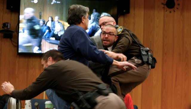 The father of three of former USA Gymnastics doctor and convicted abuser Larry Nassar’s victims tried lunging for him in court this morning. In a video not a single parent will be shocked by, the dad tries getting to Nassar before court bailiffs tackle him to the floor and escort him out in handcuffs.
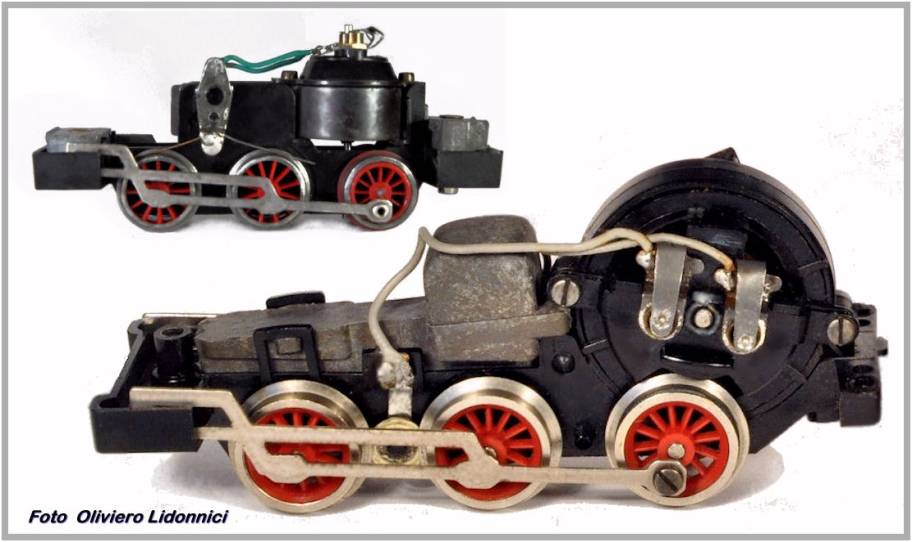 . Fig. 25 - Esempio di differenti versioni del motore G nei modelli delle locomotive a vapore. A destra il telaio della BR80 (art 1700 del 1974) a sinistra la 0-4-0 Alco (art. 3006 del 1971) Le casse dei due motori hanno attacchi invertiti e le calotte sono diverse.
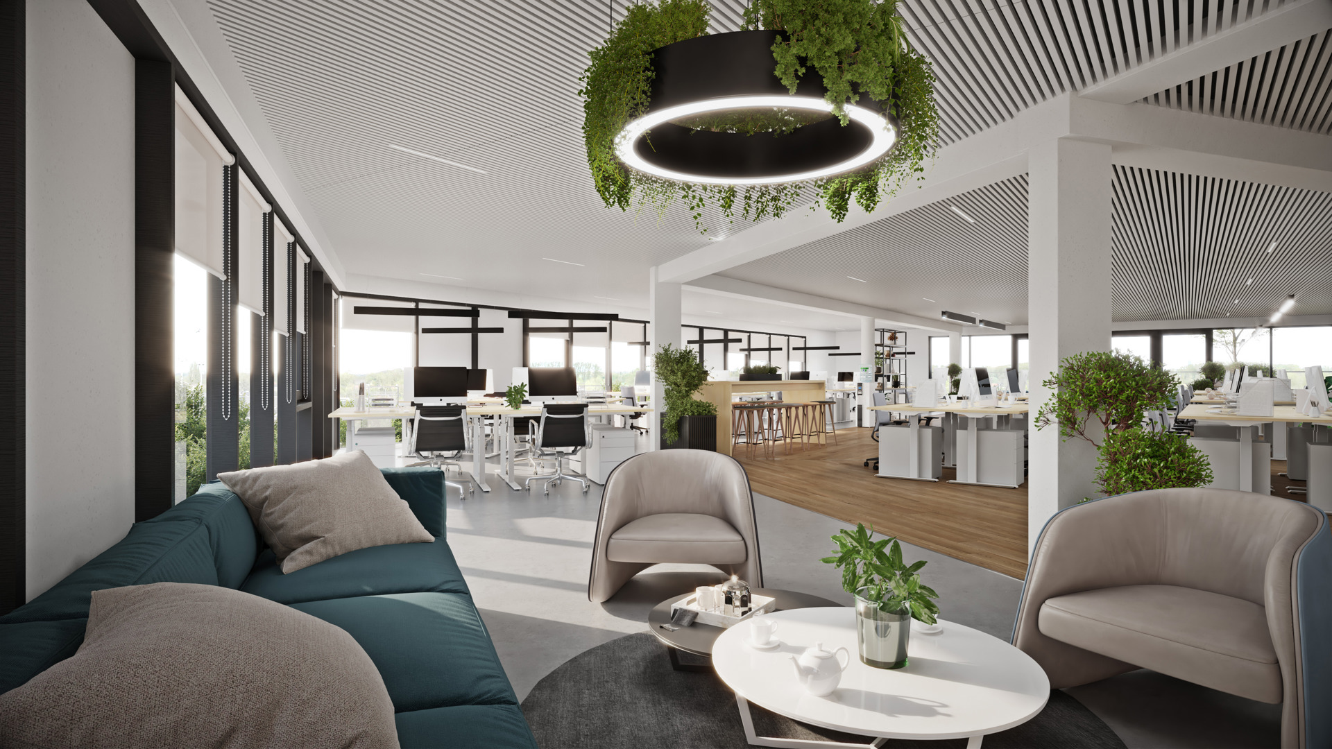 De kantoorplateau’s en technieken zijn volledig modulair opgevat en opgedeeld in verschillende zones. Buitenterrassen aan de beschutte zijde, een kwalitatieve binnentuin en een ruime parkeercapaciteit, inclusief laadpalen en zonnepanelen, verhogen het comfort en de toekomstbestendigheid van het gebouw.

=======

• **WHAT NEEDS TO BE DONE**: Every line from the one holding "calotte sono diverse." through the final line of the data above is to be reproduced exactly, both ends included, with the pictures left out.

• **RESPONSE TO THIS EXERCISE**:
 . Fig. 25 - Esempio di differenti versioni del motore G nei modelli delle locomotive a vapore. A destra il telaio della BR80 (art 1700 del 1974) a sinistra la 0-4-0 Alco (art. 3006 del 1971) Le casse dei due motori hanno attacchi invertiti e le calotte sono diverse.
 De kantoorplateau’s en technieken zijn volledig modulair opgevat en opgedeeld in verschillende zones. Buitenterrassen aan de beschutte zijde, een kwalitatieve binnentuin en een ruime parkeercapaciteit, inclusief laadpalen en zonnepanelen, verhogen het comfort en de toekomstbestendigheid van het gebouw.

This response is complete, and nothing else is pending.